Go to the webserver:

This server can also compute detect positive selection with Site-specific modela.
We will be able to see the positive selected sites on the structure.

You can provide the different parameter to the server:

- DNA file:  HIVenvSweden.fasta.
- Query sequence name: U68496
- Your email address (very useful as the program is rather slow)

- Protein structure: you can perform a BLAST in the PDB to find the best match. (the best match is PDB ID: 2B4C with chain identifier G)
- Tree phylogeny: HIVenvSweden.tree
- Evolutionary model: use a model of positive selection (M8 is nice).

It will take long time, about one hour.

Part 3) Estimation of sites who have evolved under positive in a specific lineage (Hominoid in lysozyme).

DATA:  You will use the same data as in the lysozyme example.

You will use the Branch-site model A. It's mix between the two previous model (Branch-specific and site-specific).
It's explained in pages 38-39 in the manual.

Branch-site model A classifies the different codon sites into four different categories:
Site class 0:   Codon sites evolving under purifying selection in all branches. (0<dN/dS<1)
Site class 1:   Codon sites evolving under neutral evolution in all branches. (dN/dS=1)
Site class 2a:   Codon sites evolving under positive selection in the selected branch (dN/dS>1), and under purifying selection in the rest of the tree (0<dN/dS <1)
Site class 2b:   Codon sites evolving under positive selection in the selected branch (dN/dS>1), and under neutral evolution in the rest of the tree (dN/dS =1)

Part 3.1) Estimation of positive selection using the Branch-site specific model A.

The Branch-site model A can be used with the option "model = 2" and "NSSites = 2".
Do the change in the controle file (don't forget to specify another outfile)

Part 3.2) Estimation of selection positive using the Branch-site specific, under a test of neutrality.

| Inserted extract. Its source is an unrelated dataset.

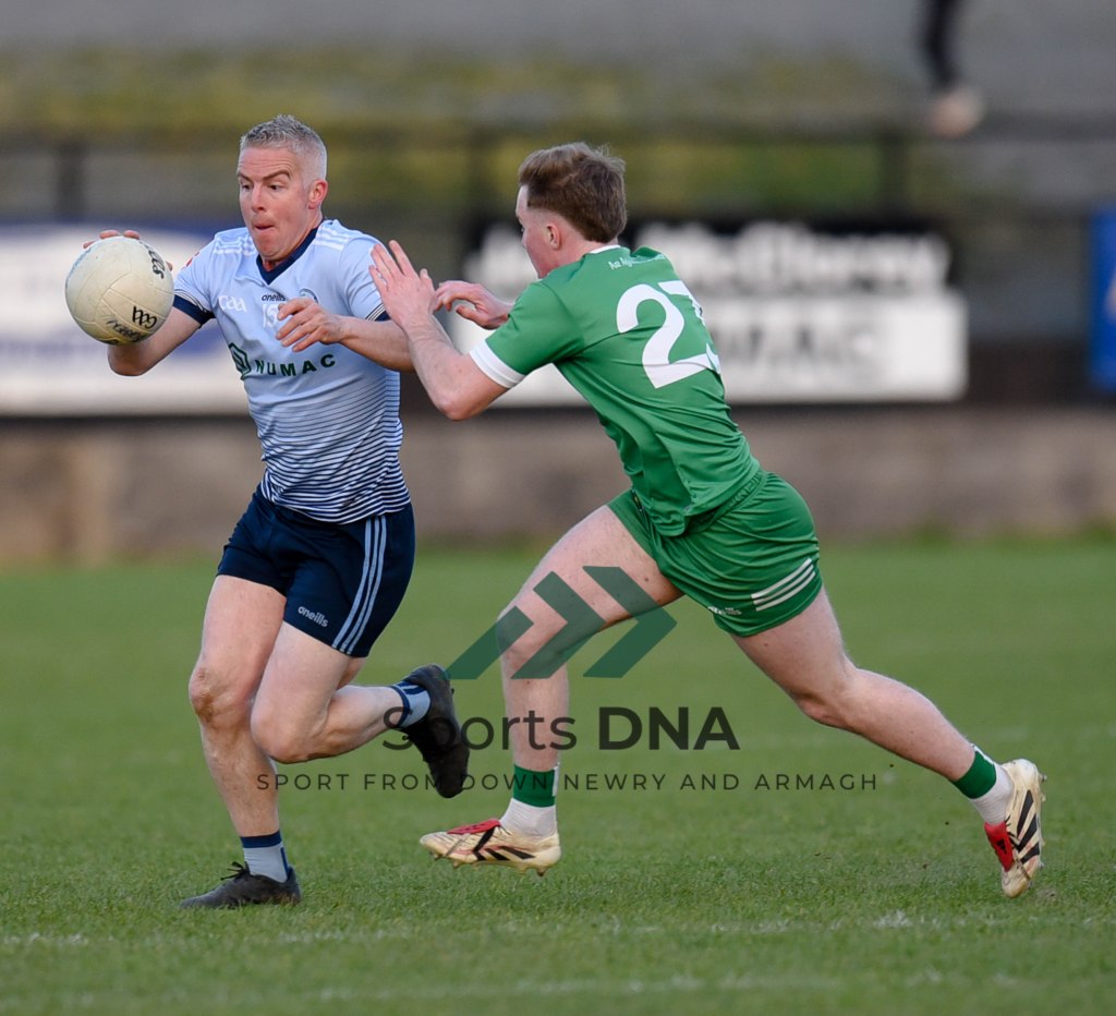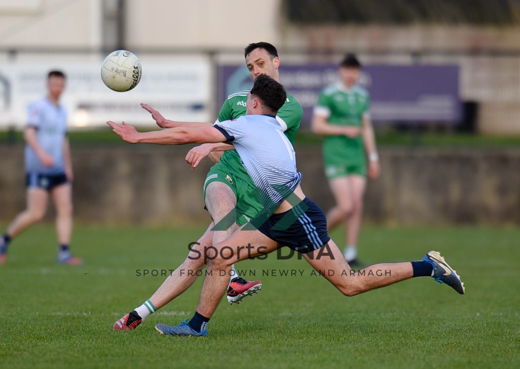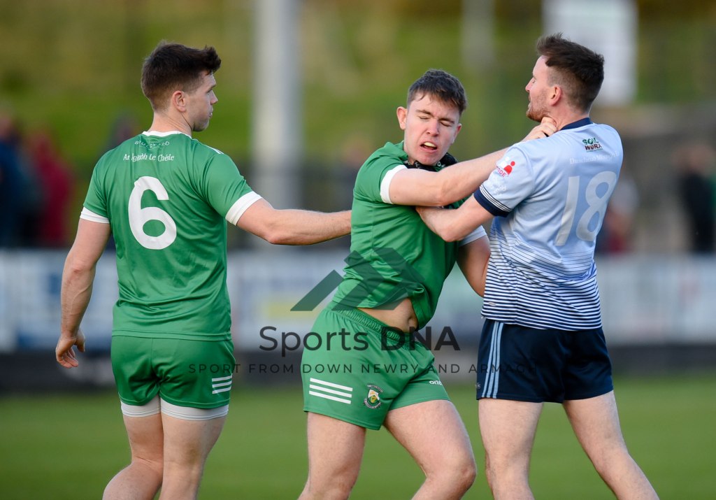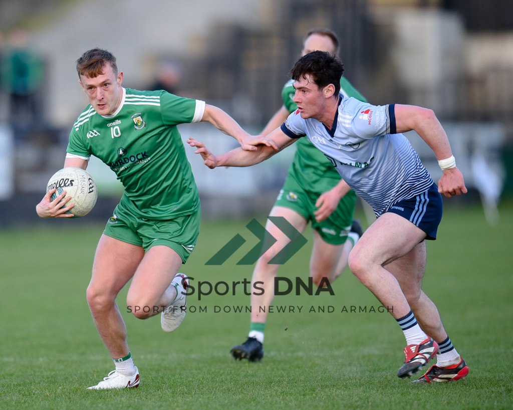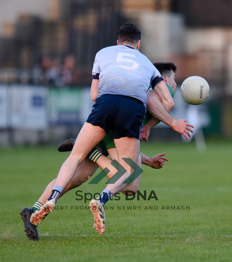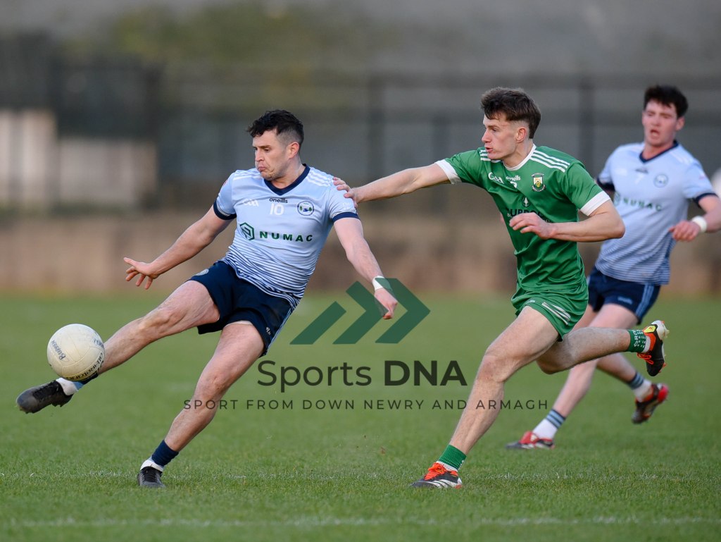 A bullet shot from the left boot of former Down County star, Liam Kerr, which lodged itself in the back of Michael Fitzpatrick’s net, was the highlight moment of Friday night’s Division 1 clash at St. Patrick’s Park.

The null model for Branch-site model A is the same model as before, but with omega fixed to 1.

Set the options "fix_omega = 1" and  "omega = 1"  and re-launch the model (don't forget to modify the name of the outfile).

You can use the MSA in FASTA format (lysozyme.fasta) to view the positively selected sites (from BEB) on Jalview.  
Tips: load the tree file in Jalview to group sequences.

Question 3.1: Based on the LRT, are sites under positive selection?

Question 3.2: Which percentage of site evolving under positive selection and what is the average dN/dS ?

Question 3.3: What can you say about the site predicted by BEB (with >90% of confidence)?